Morning CME Globex Update:
Corn, soybean, and wheat prices were mixed through the overnight session and early part of Friday, with soybean contracts attracting the most buying interest. A generally favorable near-term weather forecast for the heart of the Corn Belt may be preventing corn and soybean traders from pursuing a major correction of the recent trade-related losses.
|U.S. Dollar Index:||Lower|
Friday morning has progressed with relatively light volumes of corn futures trade and subsequently quiet price movements.
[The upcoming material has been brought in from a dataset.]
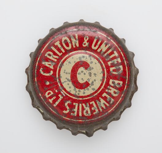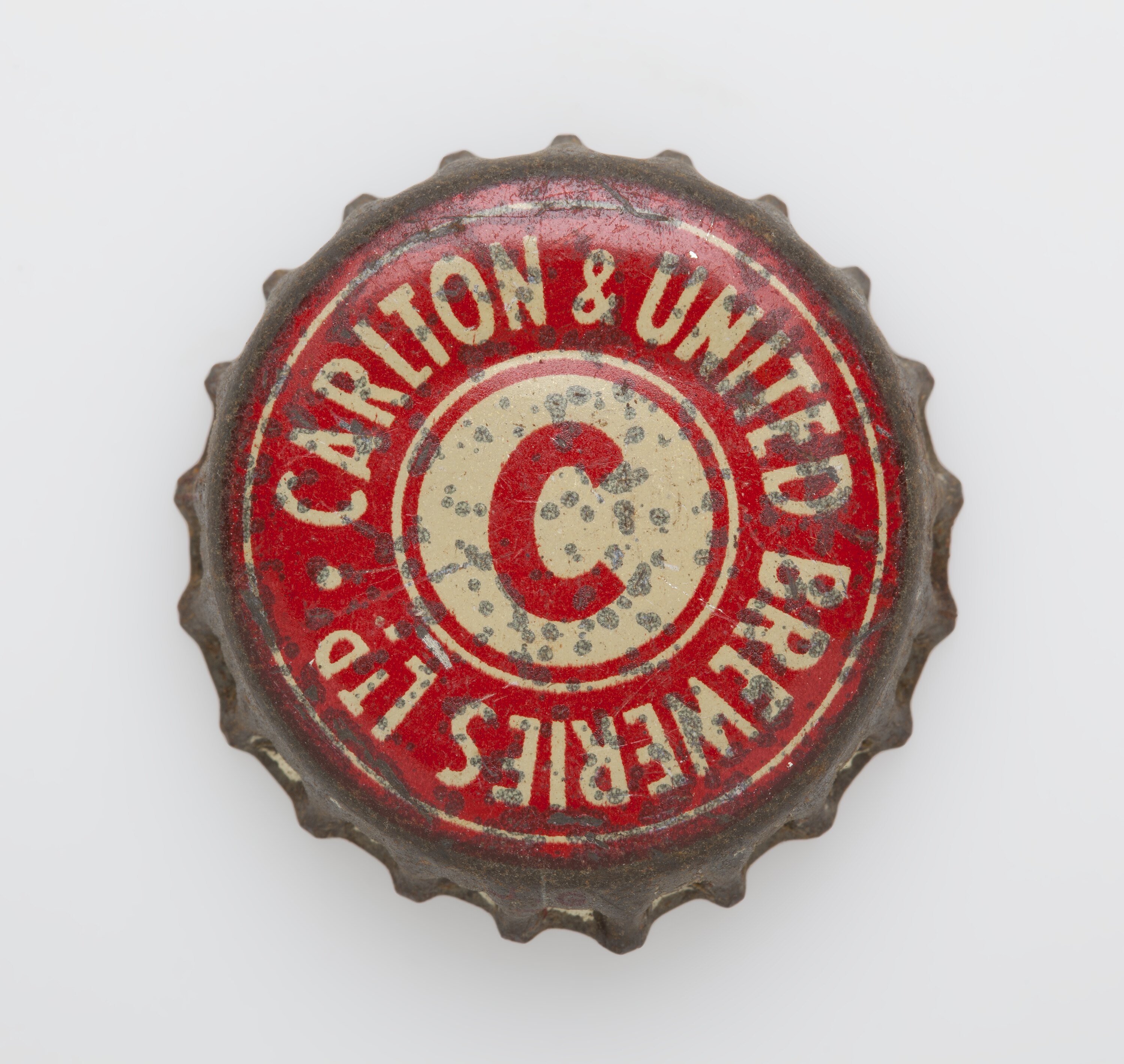 CARLTON & UNITED BREWERIES LTD (in cream on red)./ C (in red on cream)

Outside markets are likely to be supportive to grain trade, with the U.S. Dollar Index lower and crude oil rallying on the prospect that OPEC's expected boost in production might not be as large as previously guessed. The monthly Cattle On Feed report to be released Friday afternoon is expected to show fewer animals consuming feed grains. Some of that reduction in demand might have been motivated by the higher corn prices of April and early May, but cattle feeders who are making decisions going forward are now seeing feed prices 14 percent cheaper than last month's high. In the cash corn market, the DTN National Corn Index, an average of cash bids around the country, was $3.28 Thursday, showing the national average basis level at 29 cents under the July futures contract. At 8 a.m. USDA reported 131,300 mt of corn sold to Mexico; 30,000 for 2017-2018 and 101,300 mt for 2018-2019. Also, 117,000 mt of corn were sold to Panama for 2018-2019 delivery.
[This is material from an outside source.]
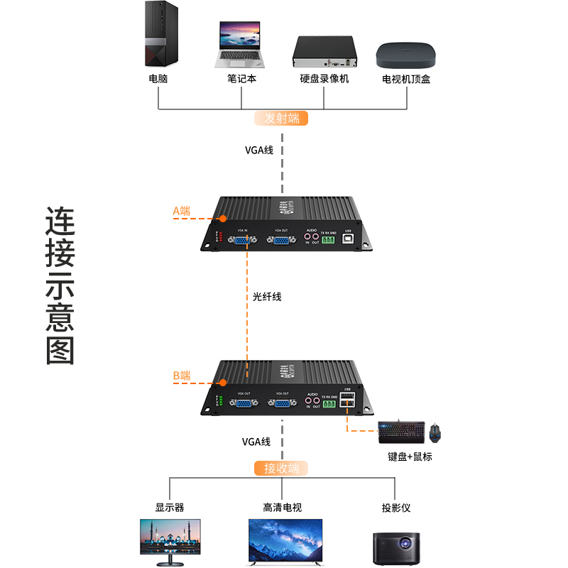 中科光電 非壓縮全高清VGA視頻光端機(jī) 1路視頻+環(huán)出+USB鍵鼠控制+雙向音頻轉(zhuǎn)光纖延長(zhǎng)器FC接口 ZK-VGA/F-RUA

Soybean futures are higher Friday morning, but haven't pursued any serious upward correction. The new crop November contract has spent most of the past three trading sessions hovering in a 10-cent range above $9.00 per bushel. It will take a few days for flooded soybean fields to drain and then for the plants to demonstrate how much damage they incurred. Despite that damage, the overall impact of recent Midwestern rains will be to improve the crop's yield prospects and reinforce traders' bearish outlooks. Friday is the last trading day for July grain and oilseed options contracts, which may contribute volatility throughout the session. The DTN National Soybean Index was $8.19 Thursday, with old crop basis bids stronger at an average of 61 cents under the July futures contract. The average new crop basis bid collected by DTN Thursday was 72 cents under the November contract ($8.30 per bushel).
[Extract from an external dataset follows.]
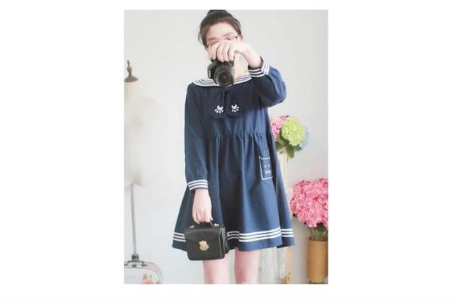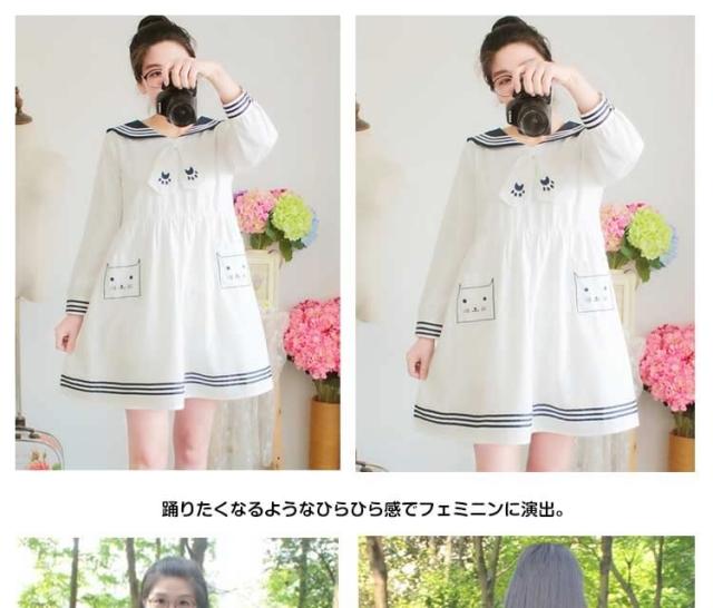 待望の長袖追加!マリン風 森ガール系 レディース ワンピース ワンピ
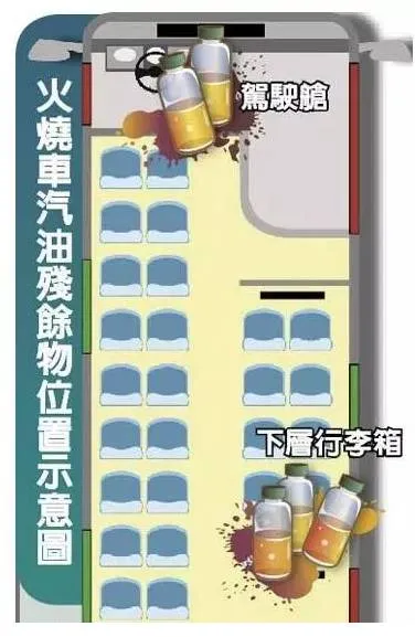 检方表示,游览车上5瓶装汽油的保特瓶,也是追查重点,只要能找出是谁去加油,就能找出事故可能原因。

Drought conditions have improved over the past ten days, and not a moment too soon for the heading spring wheat crop, although the futures market hasn't expressed any bullish concern about production during the past two weeks of global trade uncertainty. The proportion of the High Plains region in any form of drought fell 3.24 percentage points to 49.15 percent on the most recent U.S. Drought Monitor. The day-to-day direction of wheat futures prices remains under the strong influence of the row crop markets, and September Minneapolis spring wheat futures are lingering almost 90 cents below their late May high. In the cash market for spring wheat, the DTN Spring Wheat Index came to $5.38 Thursday, or 14 cents under the July Minneapolis contract. Cash bids for the new crop of Hard Red Winter Wheat, which is generally a high protein crop this year, remain historically strong for harvest season: an average of only 4 cents under the July KC contract ($4.89). The SRW Index was $4.73 or 22 cents under the July Chicago contract.